I used Wordle to create the Macbeth Wordle/word cloud I reference in the learning plan. You can easily create one, too. I would advise taking out words like “exit, exeunt, Macbeth, and lady” as well as other character names as they will skew the word counts in favor of character names instead of common words, such as “blood, night, sleep, and hands.”

The lesson I called “If it were done” comes from Joe Scotese and can be found at his site A Way to Teach. You will need to register and earn at least five points before you can download this lesson. Joe has a great site, and I highly encourage you to join up, particularly if you teach British literature or Shakespeare in any capacity.
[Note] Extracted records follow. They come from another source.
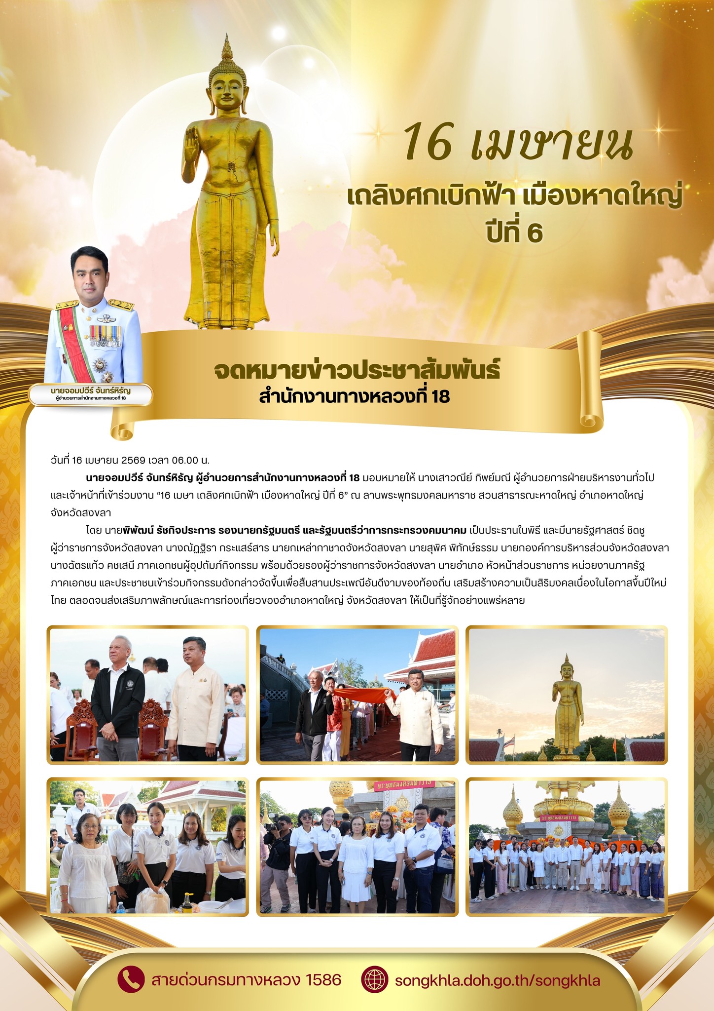 นายจอมปวีร์ จันทร์หิรัญ ผู้อำนวยการสำนักงานทางหลวงที่ 18 มอบหมายให้ นางเสาวณีย์ ทิพย์มณี ผู้อำนวยการฝ่ายบริหารงานทั่วไป และเจ้าหน้าที่เข้าร่วมงาน “16 เมษา เถลิงศกเบิกฟ้า เมืองหาดใหญ่ ปีที่ 6” ณ ลานพระพุทธมงคลมหาราช สวนสาธารณะหาดใหญ่ อำเภอหาดใหญ่ จังหวัดสงขลา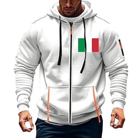 Italian Flag Hoodies for Men Full Zip Pullover Tops Sweatshirt Vintage Long Sleeve Casual Fashion Hooded with Pocket suéter Polo para Hombre(White, XXXXL)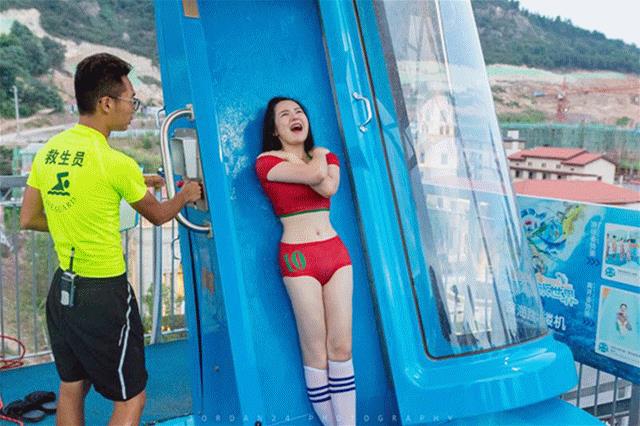2018年,重庆汉海鲸豚湾水世界举办了一场以世界杯为主题的水上挑战赛,10名青春性感的足球宝贝勇敢挑战了园内最新鲜最刺激的6大项目。其中,园区新引进的明星级玩水设备“深海跳楼机”最受欢迎,瞬间成为了水上网红项目,让人大呼又爱又恨。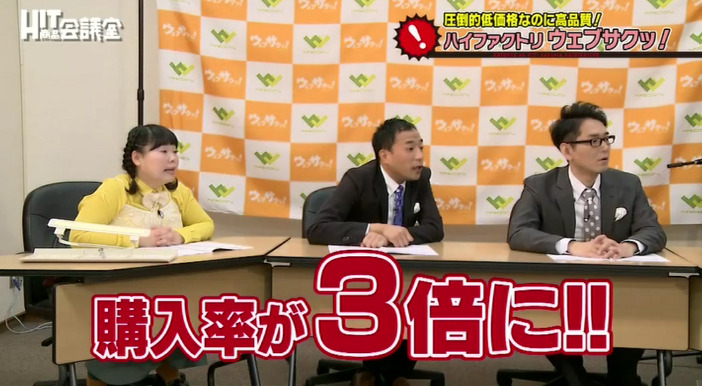 以前、テレビに出演させて頂く機会があり、お笑い芸人のナイツさんと、ニッチエの近藤さんの番組に、当社サービスである「ウェブサクッ!」を取り上げて頂きました。(2017年1月撮影)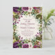 Purple Pink Floral Green Leaves 80th Birthday Invitation

Essentially, the lesson involves a close reading of Macbeth’s soliloquy alongside a version from Shakespeare Made Easy; students learn that Shakespeare says a great deal on many levels with his word choices (this activity will really blow their minds; it blew mine!), and that modern translations cannot adequately substitute for the original.

Finally, you can download a PDF of my performance task. It is customized for my class. If you would like, you may keep the PDF I created for my class, but you won’t be able to make changes to it.

Addendum: I can no longer customize these handouts. Please feel free to use the one I shared here.

7 thoughts on “Macbeth Unit Plan”

  1. I'm impressed by your initiative to revise and collaborate to improve teaching. I hope you'll write about this process during and after the unit too.

    1. Thanks, Ryan. I am all about collaboration. I also tweak what I'm doing every year. I don't understand teachers who do the same thing every year without examining the results. I'm not sure what you mean about writing about the process—how I composed the unit? Why I questioned the performance task? I'd be happy to elaborate. Just let me know what your questions are.

  2. AHAhahaha…. I cannot BELEEV you posted this right after I picked up my SSF tonight. WUHU! Now I can just use YOUR unit plan. ^.^

    Excepting that since we're on blocks I'll need to reconfigure most of the Folger stuff. I might be able to give it 2.5 weeks.

    Beautiful work on the PDF, btw! Will you give a color printout to your students, or photocopy it? Oo, or are you going paperless?

    1. I am going to put the handout on Edline and ask them to download and print it on their color printers at home if they want a printed copy. We could potentially go paperless, but we're not quite there yet. I am gradually working toward it, though.

  3. Dana, I'm using SSF for my entire Macbeth unit in the spring too– I used a few lessons last year but didn't have time to use more, and this spring, I will have much more time!

    How did you make that PDF, graphics-wise? I've been thinking about ways to make my assignment sheets more visually interesting.

    1. Jackie, I designed it using Apple's iWork program called Pages, which is its word processor. iWork also comes with Keynote (presentation), and Numbers (like Excel). I think it's supposed to be Apple's answer to Office. I have to say for looks, they have Microsoft beat. I haven't used Numbers, but Keynote is my favorite presentation software. It's so much more beautiful than PowerPoint. Pages I've used a few times (this being one), and it really does a nice job on complex handouts like this one.